_DATASET EXCERPT:_
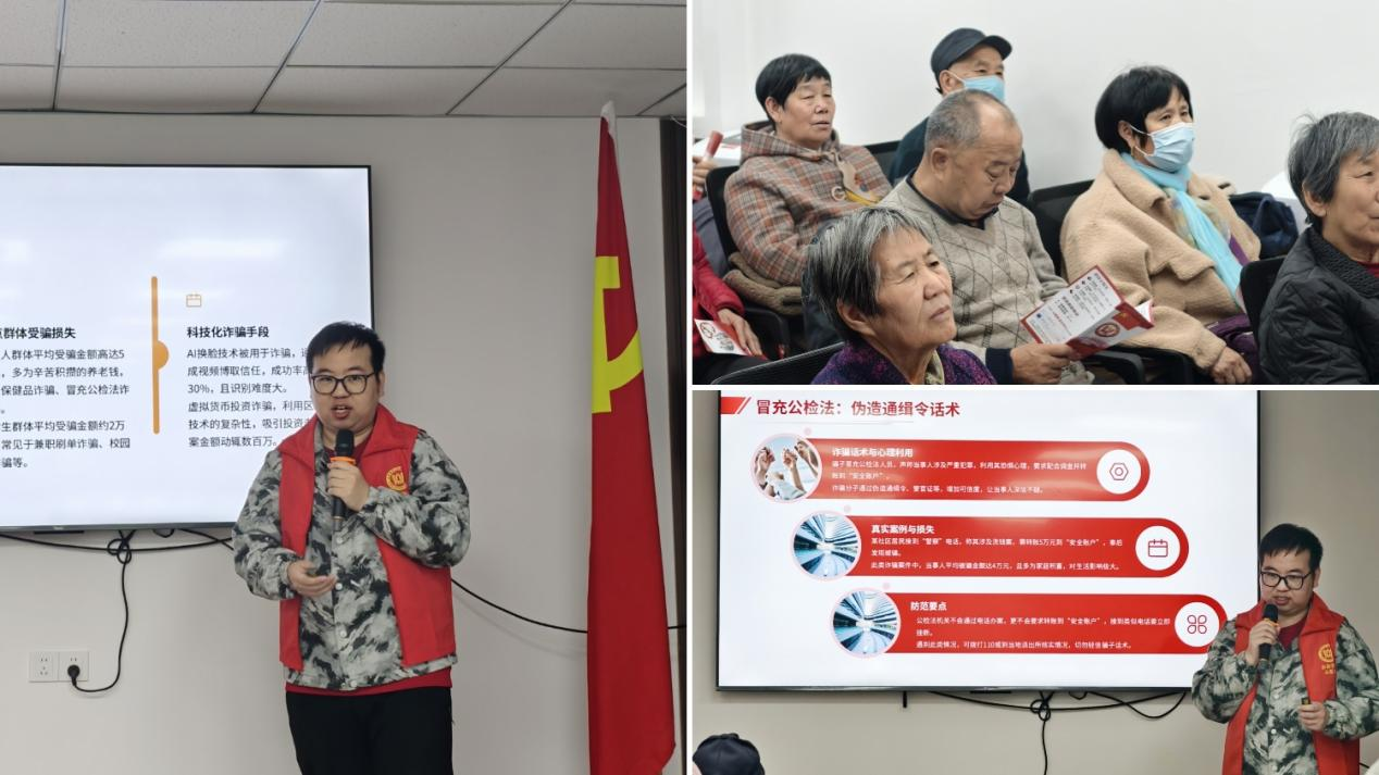 为传承雷锋精神,增强居民防诈意识,3月15日,yl88858永利集团联合舜园社区、大树常青居家智慧养老服务中心共同开展“传承雷锋精神,点燃反诈明灯”主题宣传活动。通过举办反诈讲座、分发宣传册等形式,为社区居民普及防诈知识,以实际行动践行雷锋精神,筑牢反诈防线。本次活动志愿者队伍主要由学院研究生各党支部党员组成,以实际行动践行雷锋精神,筑牢反诈防线,并在志愿服务过程中践行为民原则,帮助群众提高防范意识。
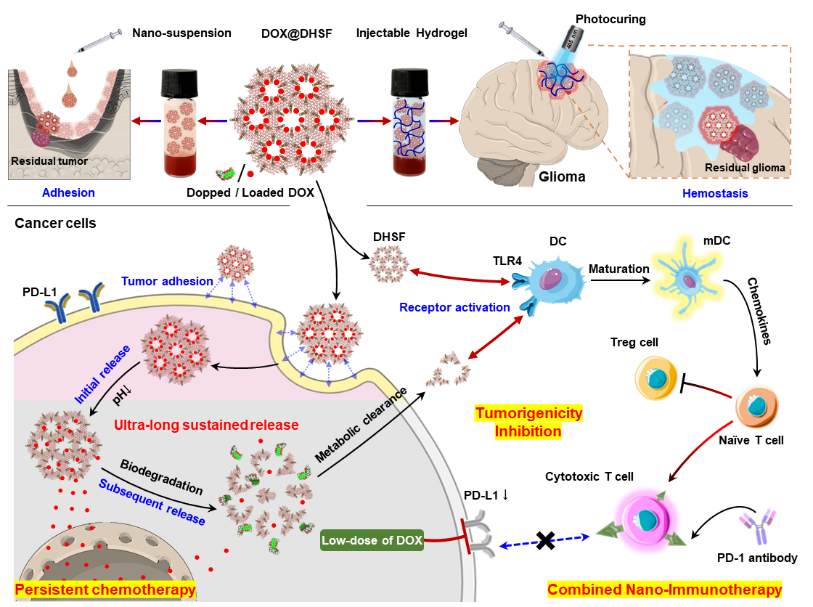 近日,51吃瓜 黄容琴教授联合哈佛大学医51吃瓜 陶伟教授在Cell Biomaterials杂志上发表了题为:“Modulating nano-bio interface via drug-framework hybridization to activate chemoimmunotherapy against glioma postoperative recurrence”的研究性论文。该工作开发了一种药物-框架杂化型纳米材料DHSF,通过结合化疗与免疫治疗,为抑制肿瘤术后复发提供了安全、长效的局部治疗方案。DHSF是一种独特的有机-无机杂化材料,通过将化疗药物杂化进介孔框架,实现了高度稳定的骨架内嵌,使药物在肿瘤微环境中缓慢降解,实现低剂量、超长持续释放,显著降低毒性并精准抑制免疫检查点(如PD-L1)。同时,DHSF通过增强与TLR4受体的结合,激活TLR4-NFκB信号通路,刺激免疫细胞分泌趋化因子,进一步增强抗肿瘤免疫反应。更值得关注的是,DHSF展现出优异的组织黏附性与止血能力。基于此特性,研究团队进一步开发了光固化凝胶制剂,可实现术中腔隙即时填充,形成“药物免疫仓”,持续提供局部化疗与免疫激活,实现术后复发精准干预。动物实验结果表明,该凝胶剂在脑胶质瘤术后模型中可显著延缓肿瘤复发,延长生存期;同时展现出优良的生物相容性及代谢清除特性,未见心肝肾等重要脏器毒性反应,验证了其在术中即用、术后缓释、术后免疫调控等多重临床潜力。
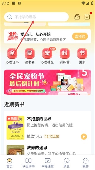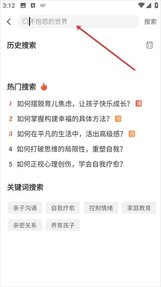 1、在首页,点击顶部搜索栏,进入搜索页面。
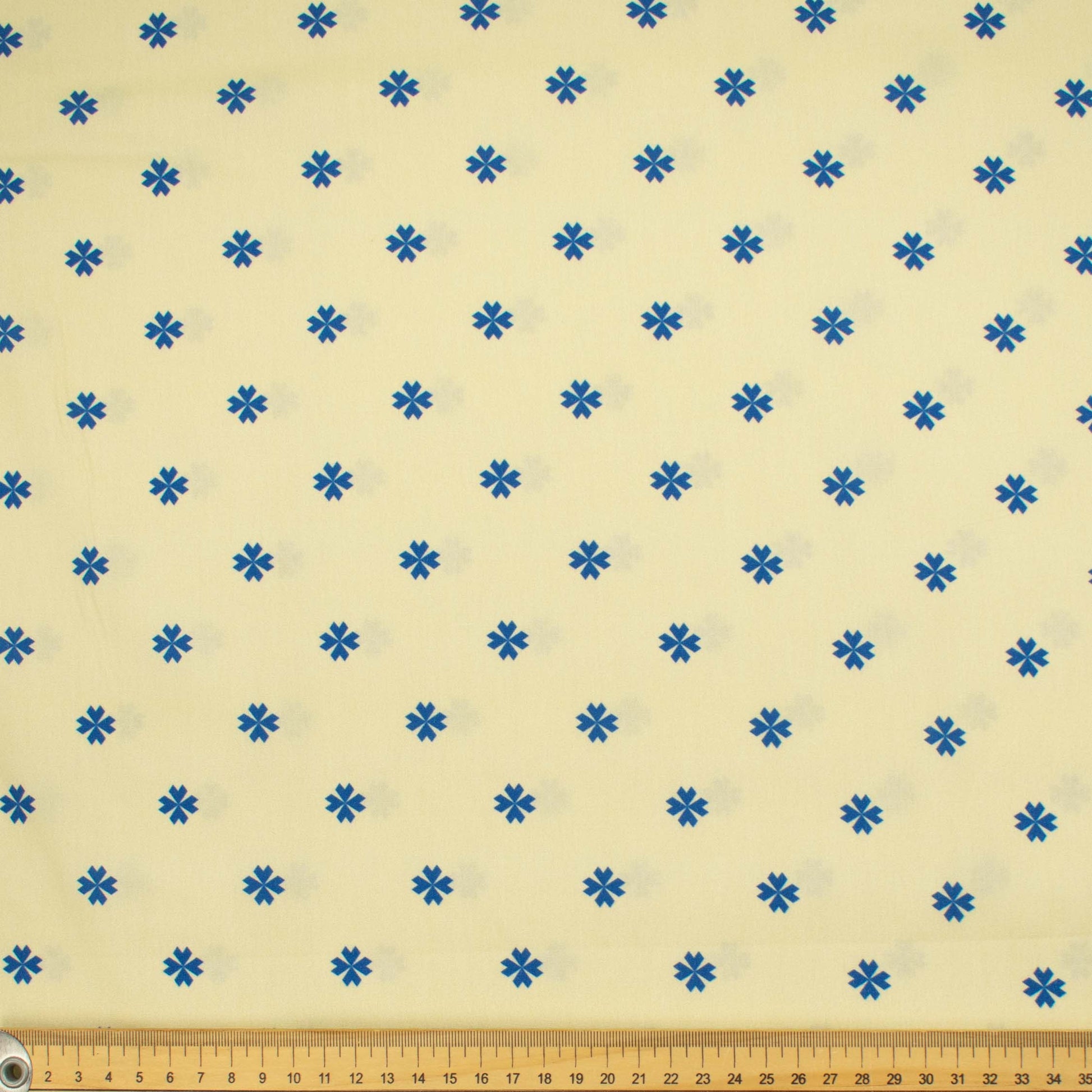 Country Side Collection #19 Blue Geometric Floral on Pale Yellow Cotton Prints

_TRY IT:_ Please output the material as written, apart from the images.

_COMPLETED TASK:_
 为传承雷锋精神,增强居民防诈意识,3月15日,yl88858永利集团联合舜园社区、大树常青居家智慧养老服务中心共同开展“传承雷锋精神,点燃反诈明灯”主题宣传活动。通过举办反诈讲座、分发宣传册等形式,为社区居民普及防诈知识,以实际行动践行雷锋精神,筑牢反诈防线。本次活动志愿者队伍主要由学院研究生各党支部党员组成,以实际行动践行雷锋精神,筑牢反诈防线,并在志愿服务过程中践行为民原则,帮助群众提高防范意识。
 近日,51吃瓜 黄容琴教授联合哈佛大学医51吃瓜 陶伟教授在Cell Biomaterials杂志上发表了题为:“Modulating nano-bio interface via drug-framework hybridization to activate chemoimmunotherapy against glioma postoperative recurrence”的研究性论文。该工作开发了一种药物-框架杂化型纳米材料DHSF,通过结合化疗与免疫治疗,为抑制肿瘤术后复发提供了安全、长效的局部治疗方案。DHSF是一种独特的有机-无机杂化材料,通过将化疗药物杂化进介孔框架,实现了高度稳定的骨架内嵌,使药物在肿瘤微环境中缓慢降解,实现低剂量、超长持续释放,显著降低毒性并精准抑制免疫检查点(如PD-L1)。同时,DHSF通过增强与TLR4受体的结合,激活TLR4-NFκB信号通路,刺激免疫细胞分泌趋化因子,进一步增强抗肿瘤免疫反应。更值得关注的是,DHSF展现出优异的组织黏附性与止血能力。基于此特性,研究团队进一步开发了光固化凝胶制剂,可实现术中腔隙即时填充,形成“药物免疫仓”,持续提供局部化疗与免疫激活,实现术后复发精准干预。动物实验结果表明,该凝胶剂在脑胶质瘤术后模型中可显著延缓肿瘤复发,延长生存期;同时展现出优良的生物相容性及代谢清除特性,未见心肝肾等重要脏器毒性反应,验证了其在术中即用、术后缓释、术后免疫调控等多重临床潜力。
 1、在首页,点击顶部搜索栏,进入搜索页面。
 Country Side Collection #19 Blue Geometric Floral on Pale Yellow Cotton Prints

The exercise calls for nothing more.